— Task prompt —
In the entries below, find the line with "6.在弹出的页码格局对话框中" and the line with "Đêm giao lưu", then retype both and everything between them exactly. Do not copy the pictures.

— Supplied material —
--------------------------------------------------
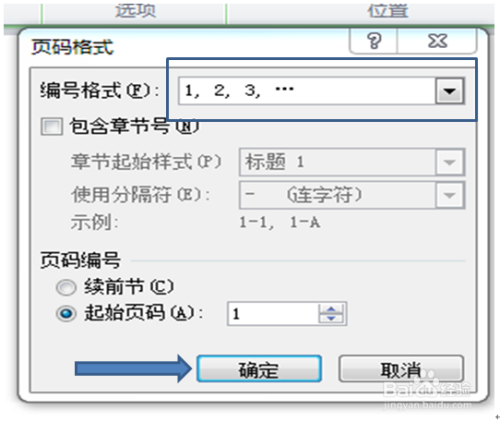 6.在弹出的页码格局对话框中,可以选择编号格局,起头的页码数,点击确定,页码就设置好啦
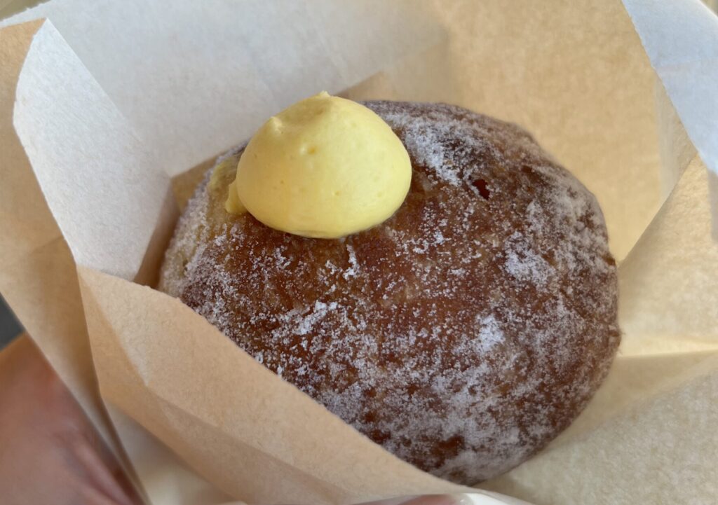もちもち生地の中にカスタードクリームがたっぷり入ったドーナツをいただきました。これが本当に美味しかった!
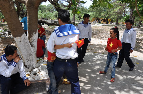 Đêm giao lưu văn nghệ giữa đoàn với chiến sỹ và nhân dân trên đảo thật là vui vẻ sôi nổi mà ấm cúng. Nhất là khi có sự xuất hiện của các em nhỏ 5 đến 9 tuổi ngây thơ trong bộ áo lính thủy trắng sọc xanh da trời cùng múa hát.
--------------------------------------------------
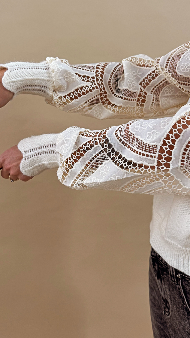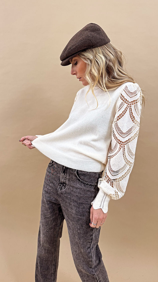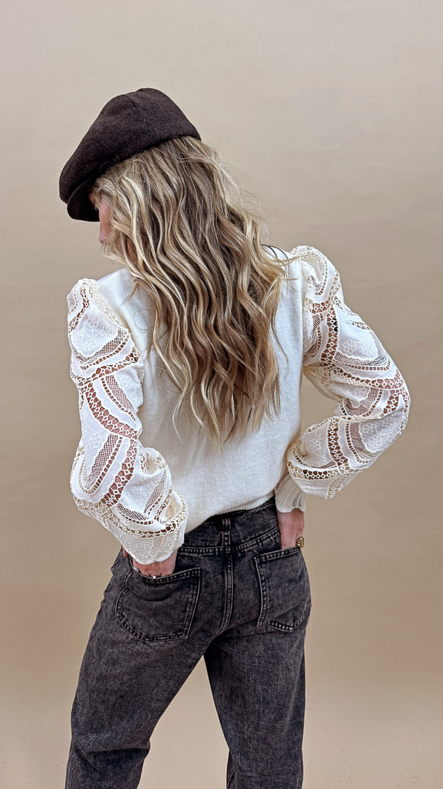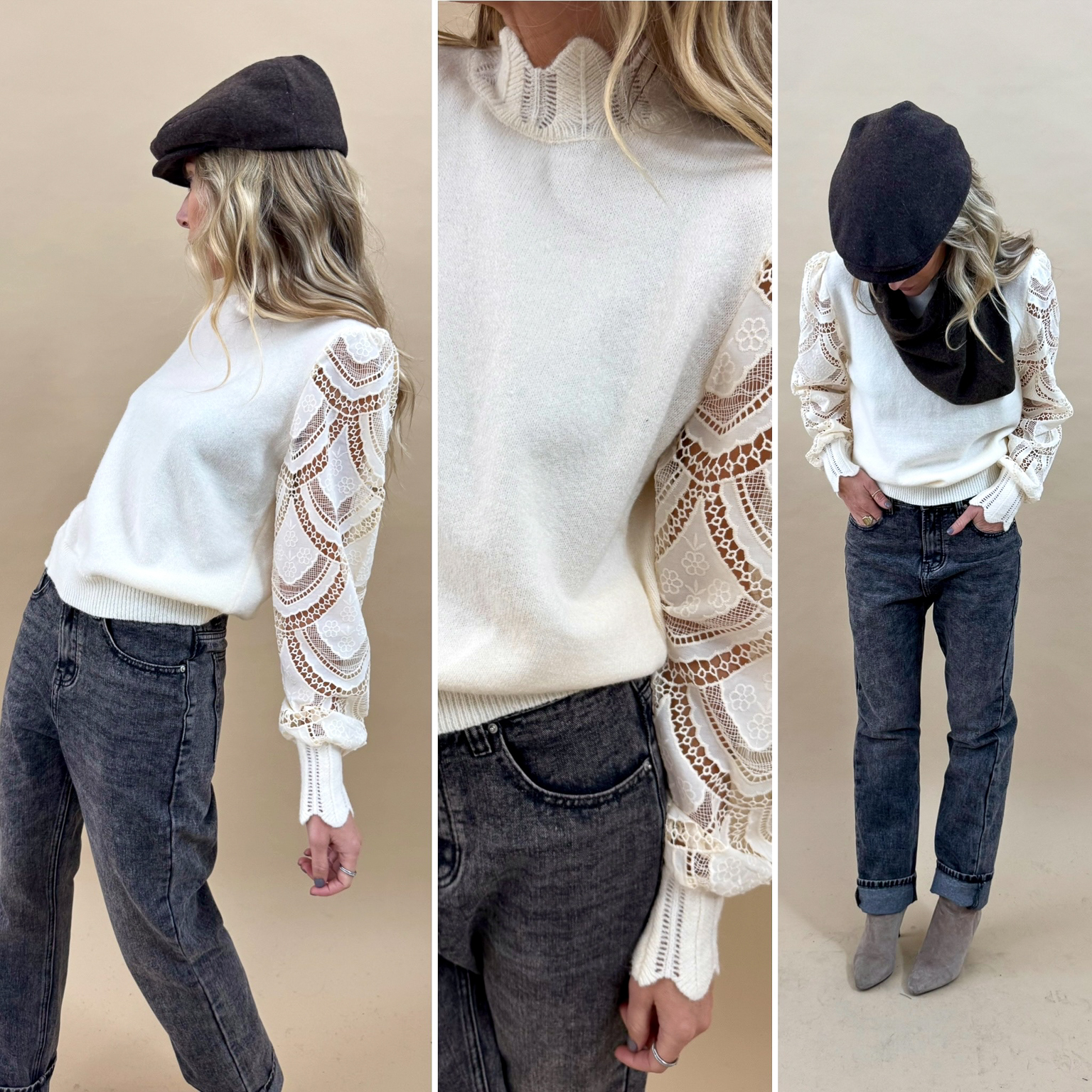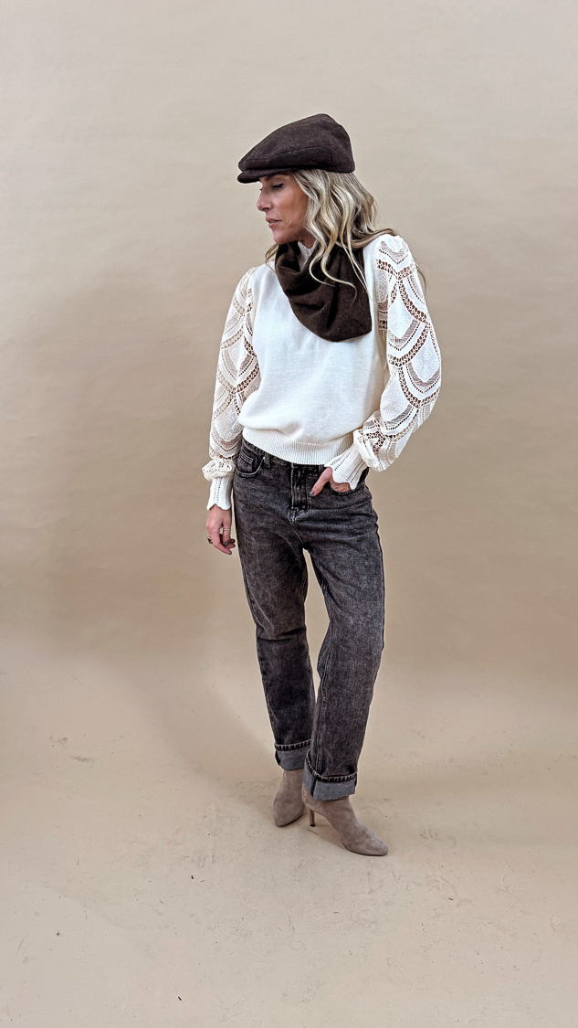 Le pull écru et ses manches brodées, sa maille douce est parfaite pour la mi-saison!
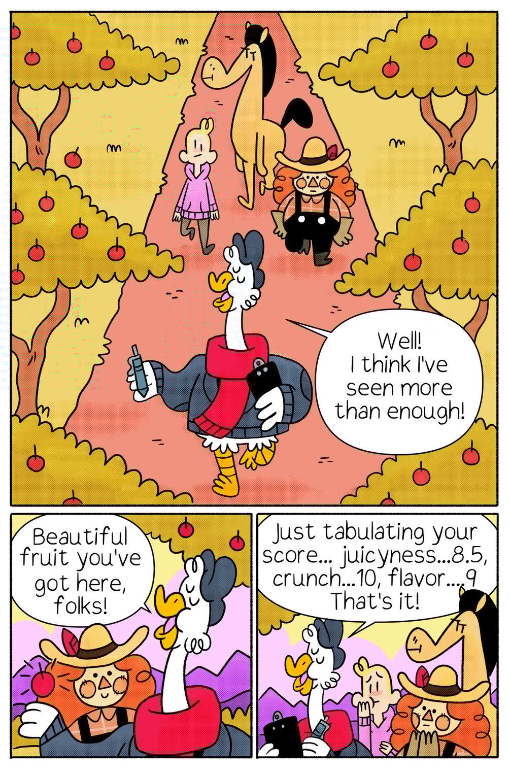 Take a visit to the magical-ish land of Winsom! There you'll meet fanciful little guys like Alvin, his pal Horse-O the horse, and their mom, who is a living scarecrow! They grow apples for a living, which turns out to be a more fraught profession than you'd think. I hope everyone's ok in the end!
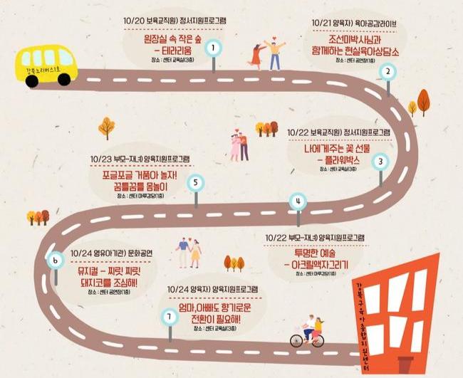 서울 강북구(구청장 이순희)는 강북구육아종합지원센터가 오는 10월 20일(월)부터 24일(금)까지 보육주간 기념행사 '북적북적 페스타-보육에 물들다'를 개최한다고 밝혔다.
--------------------------------------------------
— Written answer —
 6.在弹出的页码格局对话框中,可以选择编号格局,起头的页码数,点击确定,页码就设置好啦
もちもち生地の中にカスタードクリームがたっぷり入ったドーナツをいただきました。これが本当に美味しかった!
 Đêm giao lưu văn nghệ giữa đoàn với chiến sỹ và nhân dân trên đảo thật là vui vẻ sôi nổi mà ấm cúng. Nhất là khi có sự xuất hiện của các em nhỏ 5 đến 9 tuổi ngây thơ trong bộ áo lính thủy trắng sọc xanh da trời cùng múa hát.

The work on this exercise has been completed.